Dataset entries
####
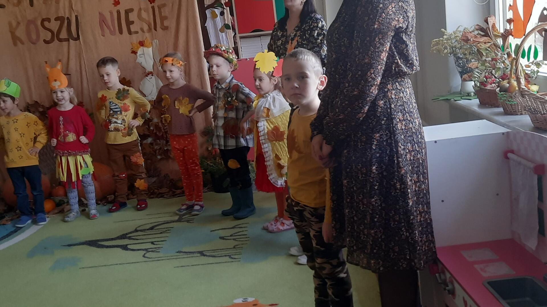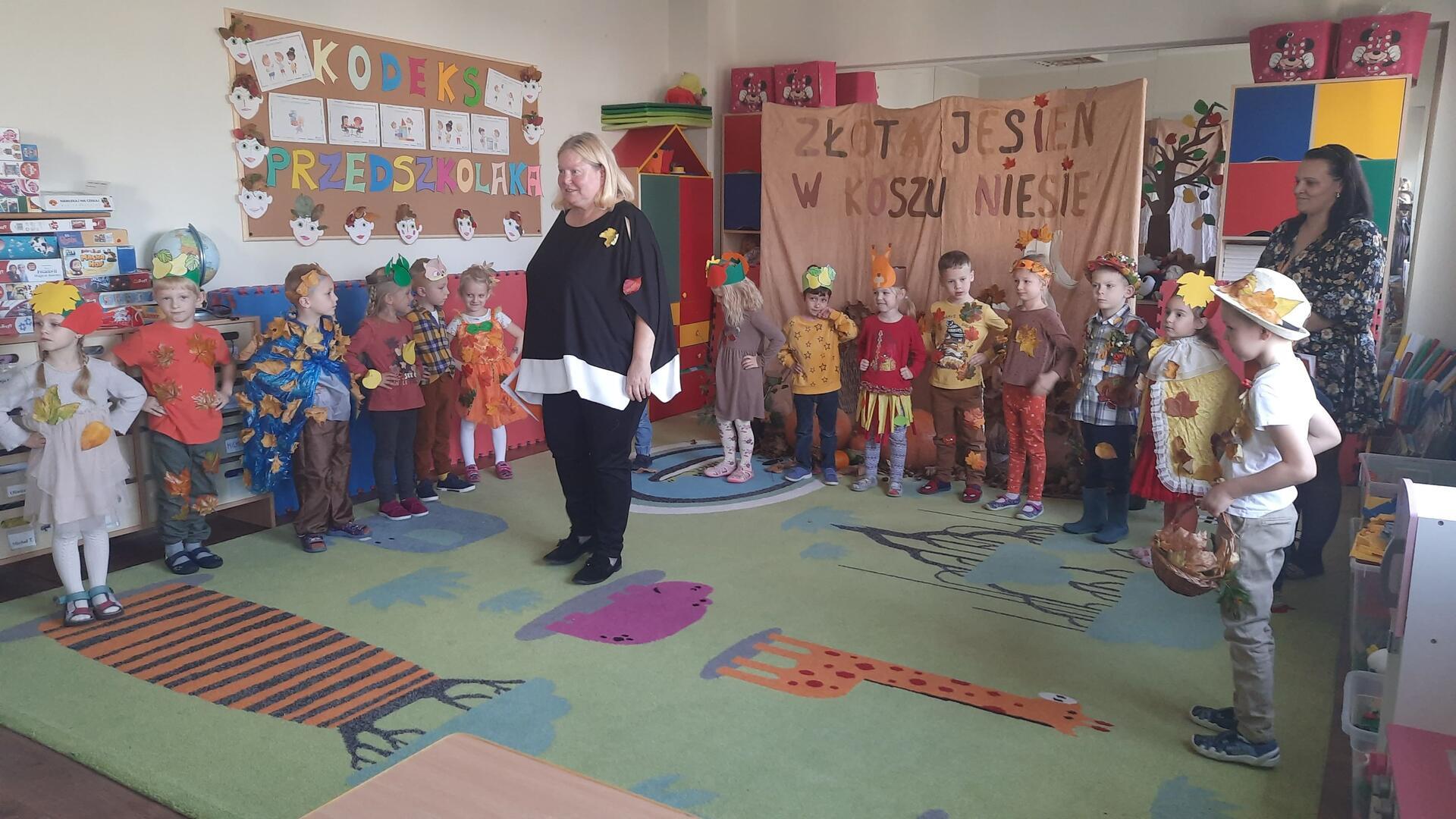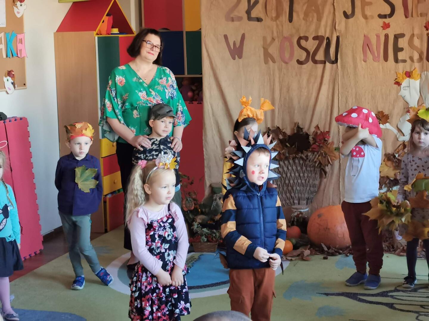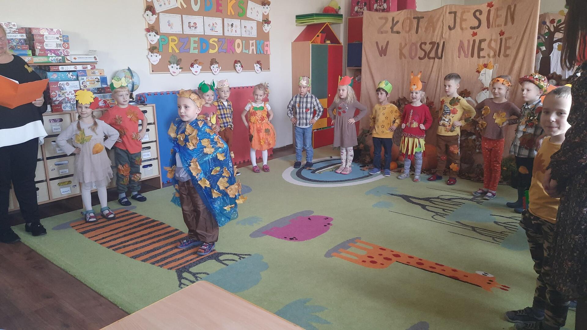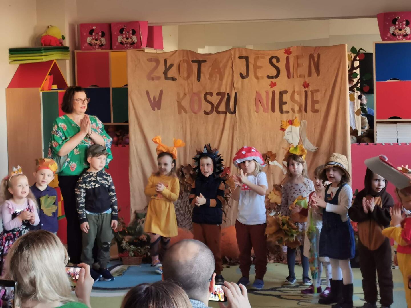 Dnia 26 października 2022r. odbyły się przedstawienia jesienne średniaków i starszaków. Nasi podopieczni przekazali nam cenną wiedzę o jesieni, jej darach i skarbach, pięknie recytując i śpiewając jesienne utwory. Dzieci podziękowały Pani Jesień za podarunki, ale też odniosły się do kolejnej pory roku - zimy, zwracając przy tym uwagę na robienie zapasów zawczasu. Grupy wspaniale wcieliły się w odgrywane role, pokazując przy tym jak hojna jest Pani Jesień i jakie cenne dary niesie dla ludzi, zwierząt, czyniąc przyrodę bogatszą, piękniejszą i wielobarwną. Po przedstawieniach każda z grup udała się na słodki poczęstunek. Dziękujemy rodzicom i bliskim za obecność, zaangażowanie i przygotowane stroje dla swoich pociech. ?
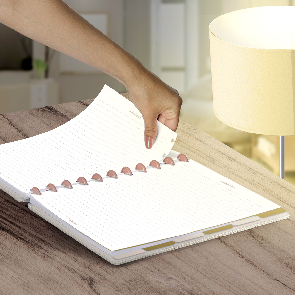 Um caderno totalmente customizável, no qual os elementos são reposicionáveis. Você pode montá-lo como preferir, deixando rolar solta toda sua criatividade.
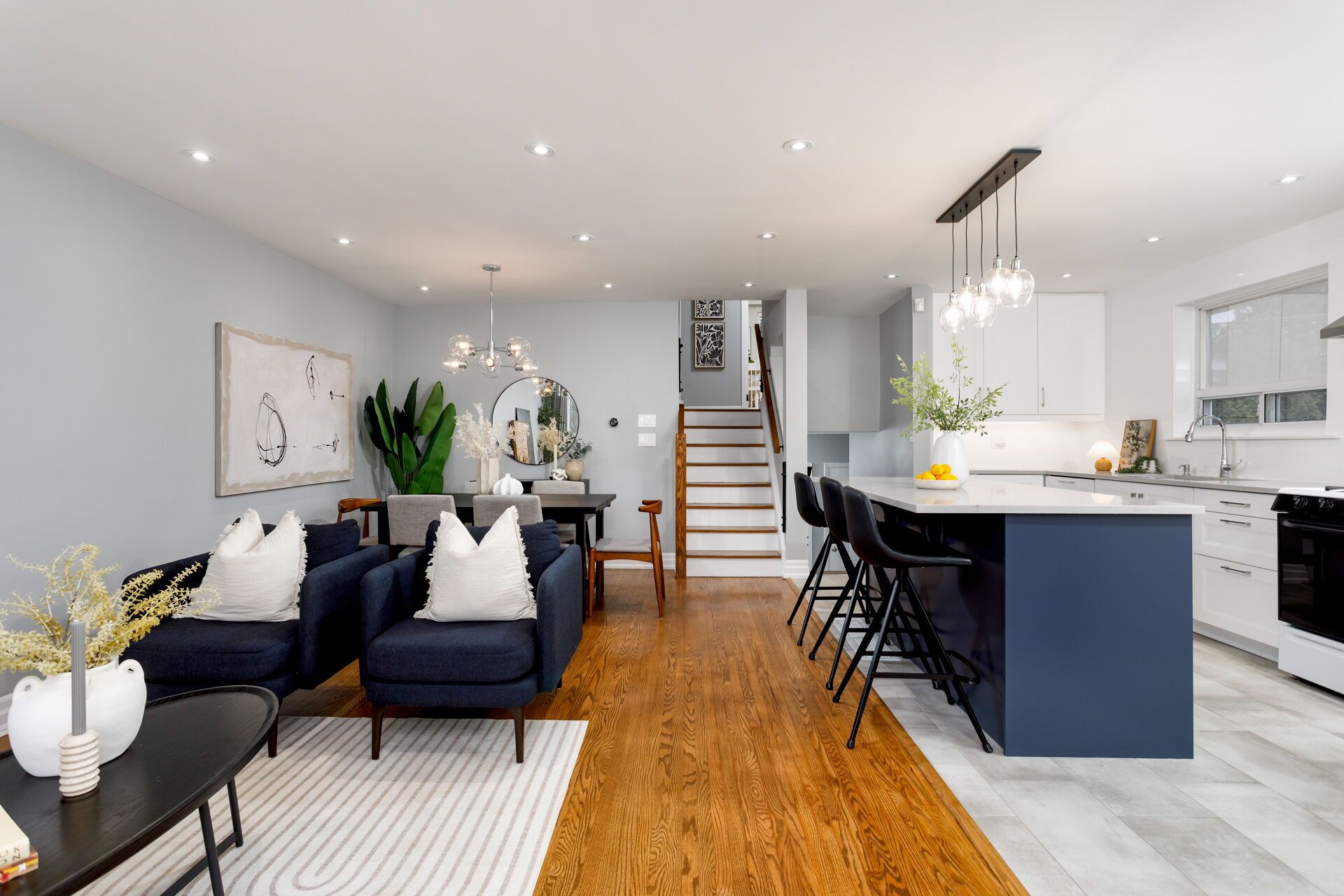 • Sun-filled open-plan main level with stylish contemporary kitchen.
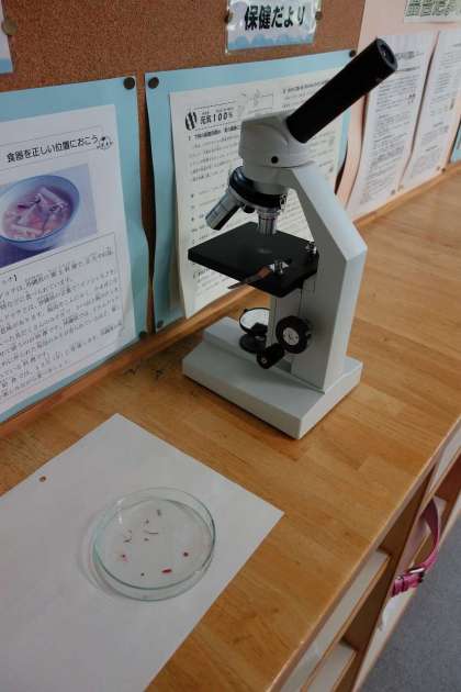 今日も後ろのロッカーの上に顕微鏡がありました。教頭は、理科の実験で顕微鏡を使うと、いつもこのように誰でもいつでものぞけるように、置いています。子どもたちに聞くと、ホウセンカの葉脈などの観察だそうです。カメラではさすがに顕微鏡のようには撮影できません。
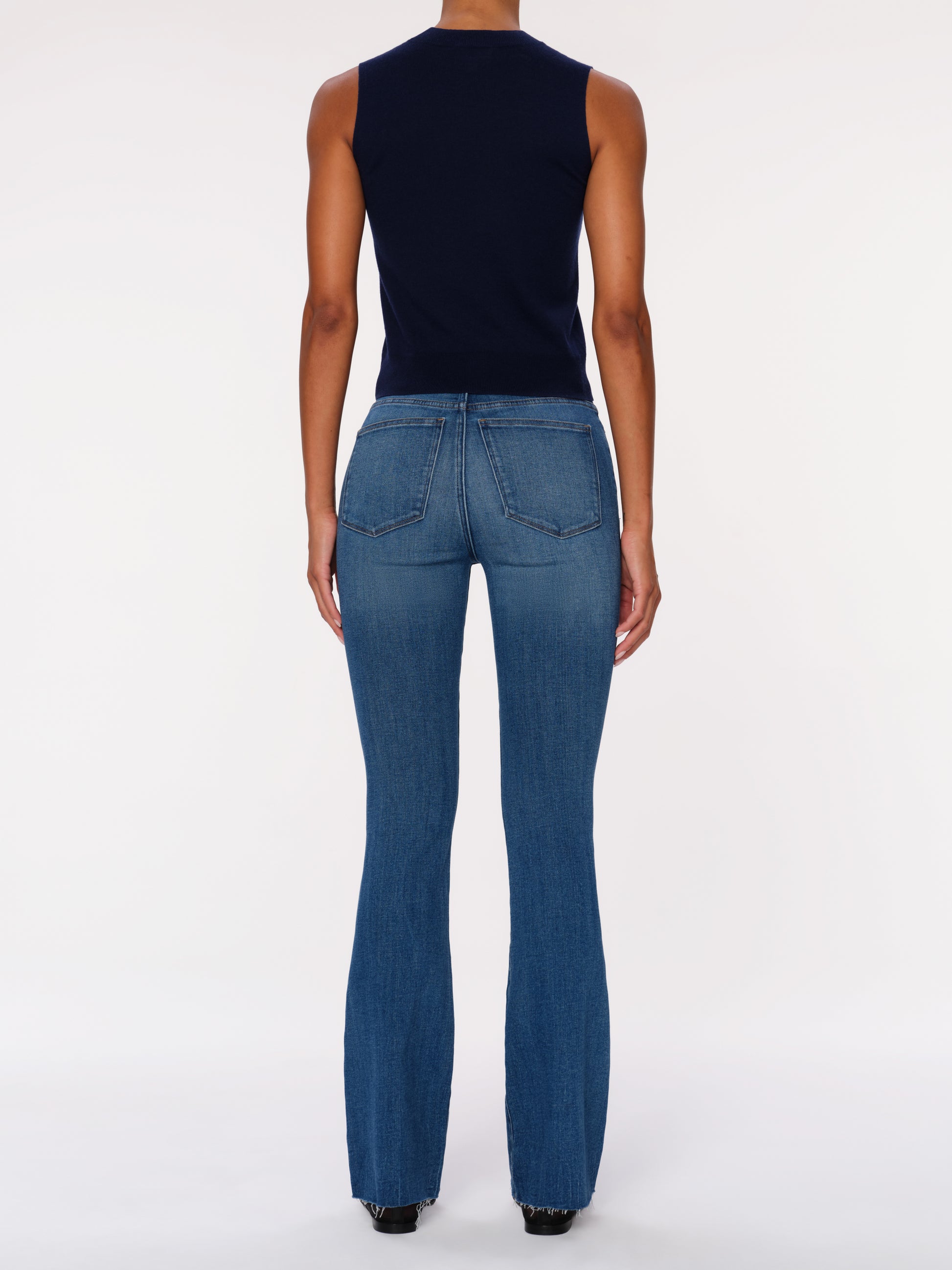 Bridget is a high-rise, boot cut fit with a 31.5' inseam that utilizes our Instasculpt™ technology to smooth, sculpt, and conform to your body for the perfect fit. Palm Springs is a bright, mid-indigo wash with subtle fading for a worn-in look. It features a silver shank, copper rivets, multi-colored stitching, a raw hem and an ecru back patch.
####
PROBLEM DETAILS → Make an exact copy of every entry above, minus the images.

EXERCISE RESULT →
 Dnia 26 października 2022r. odbyły się przedstawienia jesienne średniaków i starszaków. Nasi podopieczni przekazali nam cenną wiedzę o jesieni, jej darach i skarbach, pięknie recytując i śpiewając jesienne utwory. Dzieci podziękowały Pani Jesień za podarunki, ale też odniosły się do kolejnej pory roku - zimy, zwracając przy tym uwagę na robienie zapasów zawczasu. Grupy wspaniale wcieliły się w odgrywane role, pokazując przy tym jak hojna jest Pani Jesień i jakie cenne dary niesie dla ludzi, zwierząt, czyniąc przyrodę bogatszą, piękniejszą i wielobarwną. Po przedstawieniach każda z grup udała się na słodki poczęstunek. Dziękujemy rodzicom i bliskim za obecność, zaangażowanie i przygotowane stroje dla swoich pociech. ?
 Um caderno totalmente customizável, no qual os elementos são reposicionáveis. Você pode montá-lo como preferir, deixando rolar solta toda sua criatividade.
 • Sun-filled open-plan main level with stylish contemporary kitchen.
 今日も後ろのロッカーの上に顕微鏡がありました。教頭は、理科の実験で顕微鏡を使うと、いつもこのように誰でもいつでものぞけるように、置いています。子どもたちに聞くと、ホウセンカの葉脈などの観察だそうです。カメラではさすがに顕微鏡のようには撮影できません。
 Bridget is a high-rise, boot cut fit with a 31.5' inseam that utilizes our Instasculpt™ technology to smooth, sculpt, and conform to your body for the perfect fit. Palm Springs is a bright, mid-indigo wash with subtle fading for a worn-in look. It features a silver shank, copper rivets, multi-colored stitching, a raw hem and an ecru back patch.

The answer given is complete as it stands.